Sales activity appears back to normal on the East End of Long Island.
According to the Corcoran Group’s quarterly market report, released today, there were 466 residential sales recorded in the Hamptons and on Shelter Island last quarter, compared to 208 during the first quarter of 2009 and 413 during the first quarter of 2008 (see full report below).
In the more dressed-down North Fork market bordering the Long Island Sound, 108 sales of residential property were recorded with the county last quarter, compared to 61 during the first quarter of 2009, and 109 during the first quarter of 2008.
Corcoran’s report includes all sales in the nearly two dozen East End towns the company is active in, but unlike most reports Corcoran’s counts the sales recorded during that quarter versus the sales that actually closed during that quarter. Since the Suffolk County Clerk is so slow to record closed sales, often waiting two to four weeks, Corcoran’s approach allows the company to get its report out sooner than its competitors, however many of the sales were closed in the prior quarter.
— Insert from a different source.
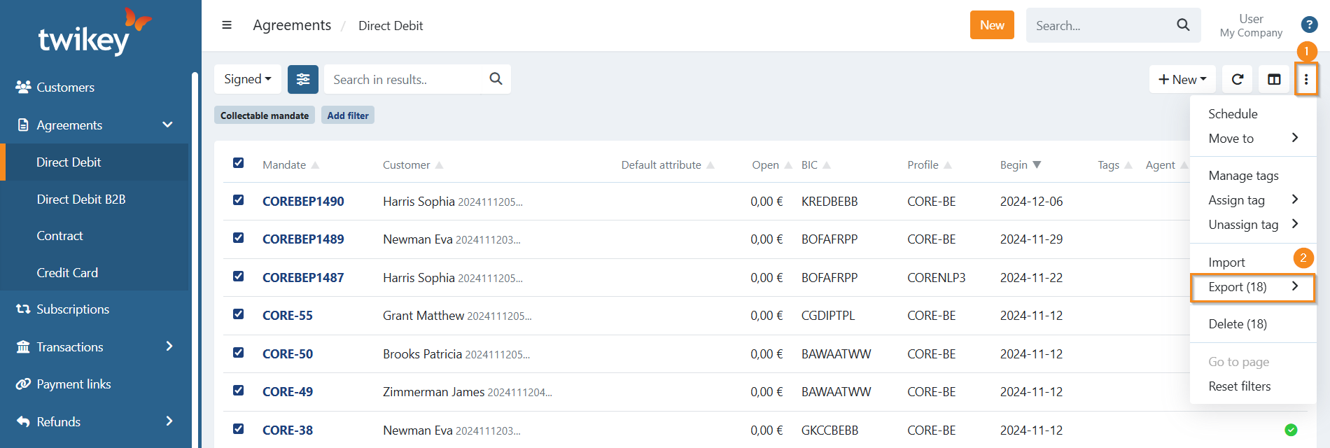 The export can be done based on your current filter or a specific selection of individual agreements.

Still, the numbers reflect “a continued trend of sales activity that is consistent with historic norms,” said appraiser Jonathan Miller of Miller Samuel, who prepares the New York City and East End market reports for Corcoran competitor Prudential Douglas Elliman. “Prices are not where they once were, but they’ve improved somewhat since the dark days of post-Lehman last year.”
The Hamptons and Shelter Island in particular are primarily vacation home markets for wealthy professionals who work in Manhattan. North Fork, while becoming more popular with city dwellers, has somewhat less expensive vacation homes and more year-round residents.
Miller noted that the East End’s recovery mirrors the recovery seen in the Manhattan market last quarter, during which sales activity also returned to “historic norms” while prices stayed below boom levels.
Last quarter, the average recorded sales price of a home in the Hamptons and Shelter Island was $1.69 million — 13 percent higher than the $1.5 million recorded in 2009 and slightly less than the $1.71 million recorded during the first quarter of 2008, according to Corcoran’s report.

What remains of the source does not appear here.